On the downside and in case of a smaller-than-expected drawdown in crude stocks (or a buildup), support could come around the current levels of the Tenkan- and Kijun-sen lines at 69.75 (including the 70 handle) and 68.47 respectively, given that the region around the 71 handle, which seems to be providing immediate support, is violated first.

AUDUSD Continues Bearish Correction In Near Term, Holds Below 0.7800

AUDUSD has reversed back down again after finding resistance at the 0.7560 barrier, achieved on Monday and holds below the 0.7800 handle. The pair completed two consecutive bearish days and remains below the 20- and 40-simple moving averages (SMAs) in the daily timeframe. However, Wednesday’s trading session started in positive territory.

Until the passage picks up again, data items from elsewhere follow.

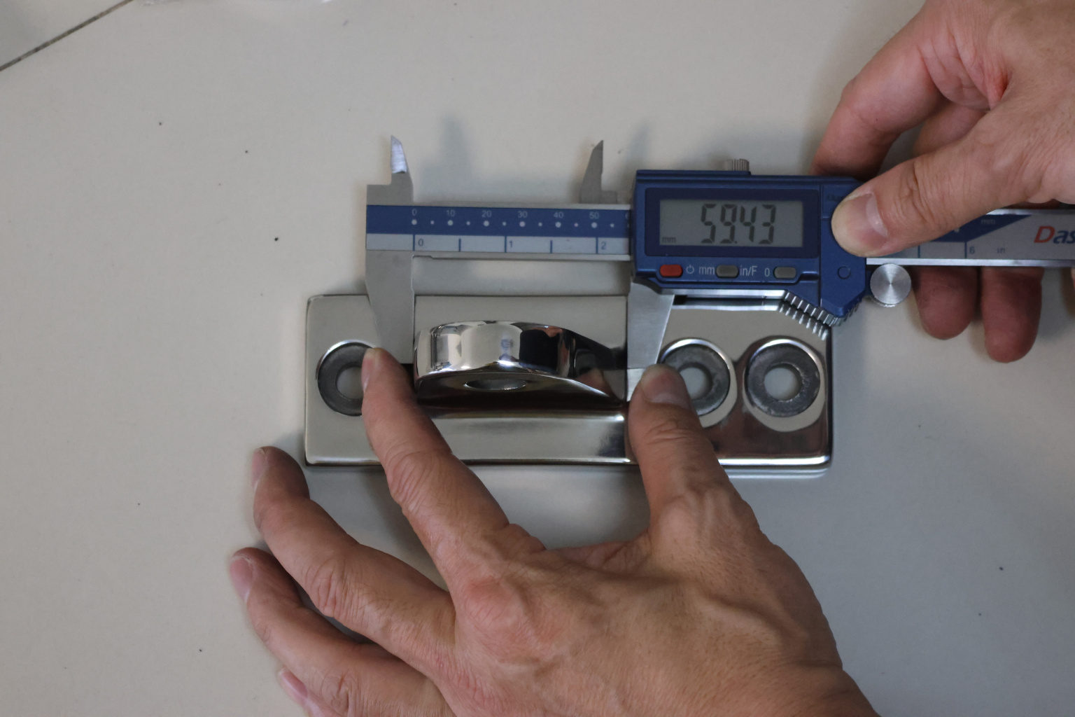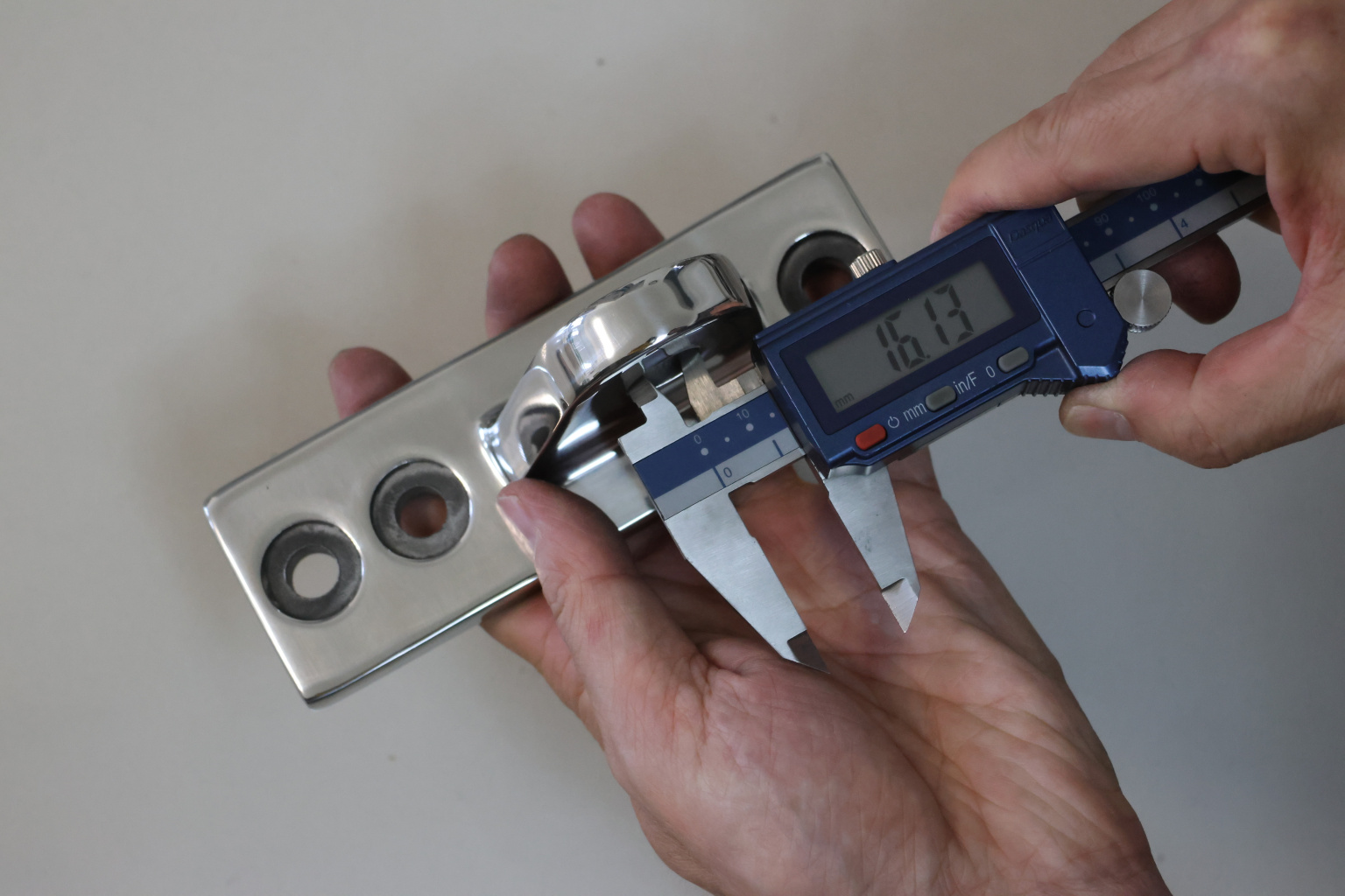 Крепление тяги к стойке. Полированная деталь. Состоит из крепёжного элемента с тремя технологическими отверстиями для крепления к стойке и выносной части с отверстием диаметром 16 мм для крепежа наконечника тяги. Выполнена из стали AISI 304. Ширина детали – 50 мм. Выносная часть выступает на 63 мм от стены.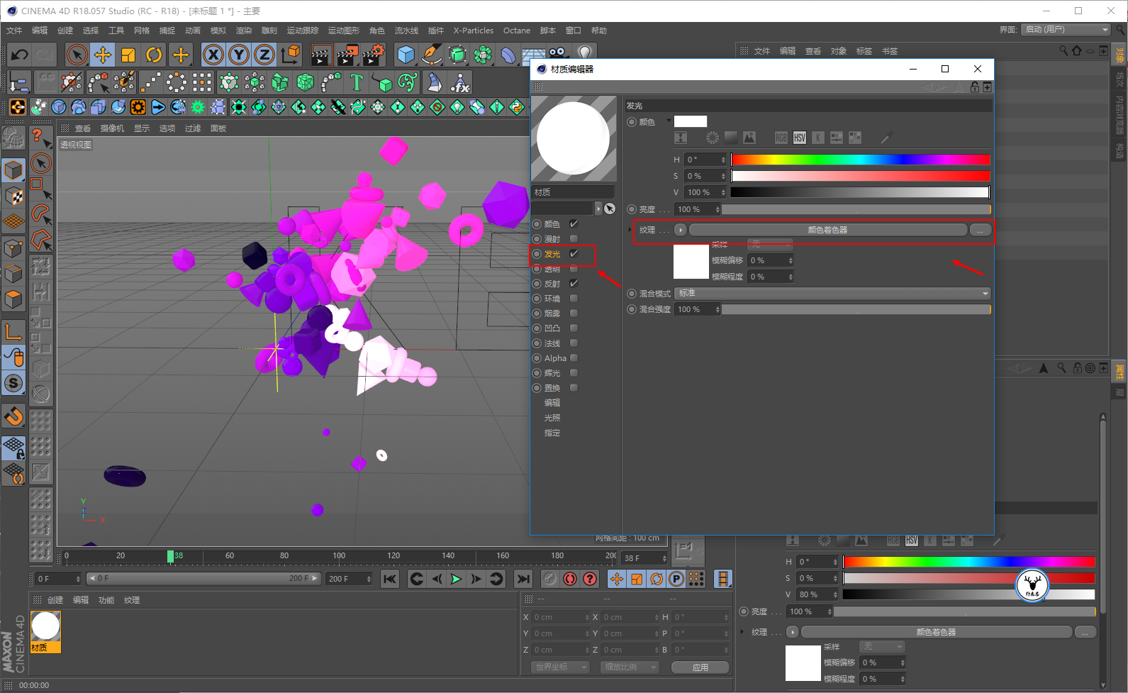 但是只是这样的话还不够好,因为仅仅通过着色效果器添加的颜色,对象不会有反射或者发光一类的信息: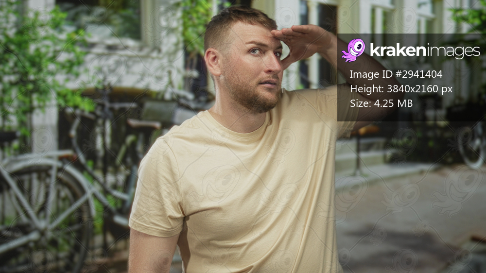 Man shielding eyes with hand to forehead on a city street in front of parked bicycles and a building wearing beige tshirt; curiosity exploration.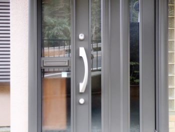 | 使用商材 | LIXILリシェント玄関ドア アルミ仕様 P2型オータムブラウン色 片袖ポスト付き仕様 ムーン型ハンドル |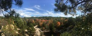 The topography of Waterboro Barrens originates from glacial outwash and features debris left behind by retreating glacial ice resulting in kettlehole heaths, hillsides covered in towering old-growth pitch pines, and moraines (glacial hills) covered in dense stands of scrub oak. There is also a leatherleaf bog, a small gorge, black spruce swamps, and miles of frontage on three ponds and the Little Ossipee River.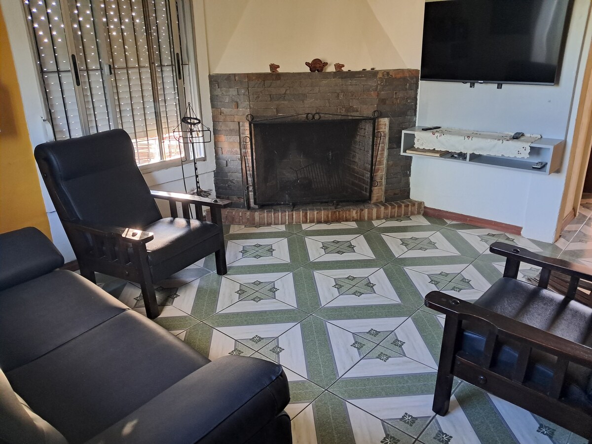 Komportableng maliwanag na bahay na may hardin, garahe at ihawan. Napakaluwang na sala na may kalan, 2 silid - tulugan, 1 banyo at silid - kainan sa kusina. 8 bloke papunta sa downtown. Mainam para sa pamamalagi sa paglalakad ng pamilya, pagbisita sa Quebrada de los Cuervos Protected Area o mga business trip.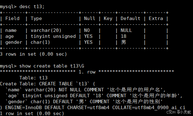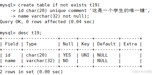 列描述:comment,没有实际含义,专门用来描述字段,会根据表创建语句保存,用来给程序员或DBA(数据库管理员)来进行了解。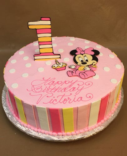 Standing #1 stripe design on top with liquid chocolate baby Minnie and cupcake on top. White polka dots on top. Rolled chocolate straps on side in yellow, white, pink, and hot pink.

In the short-term, the momentum indicators seem to be in confusion. The RSI indicator is pointing slightly north, while is holding in negative. Also, the MACD oscillator climbed above the trigger line with weak momentum. But, the stochastic oscillator created a bearish cross below the oversold levels and is moving lower.

In case of further losses, the 0.7410 support level should act as a major support. A drop below this area would reinforce the bearish structure and open the way towards the next key support level of 0.7325, identified by the May 2017 low.

In the event of an upside reversal, the 0.7560 and the 23.6% Fibonacci retracement level of 0.7580 of the downleg from 0.8135 to 0.7410 could act as a significant resistance zone. A continuation of the bullish bias would shift the medium-term outlook to a more neutral one as it would take the pair towards the 0.7640 barrier, which holds near the 40-SMA and next until the 38.2% Fibonacci of 0.7685.

Overall, for a resumption of the longer-term uptrend, which was halted in April, AUDUSD would need to climb back above the ascending trend line and beat the 32-month peak of 0.8135, creating a new multi-month high.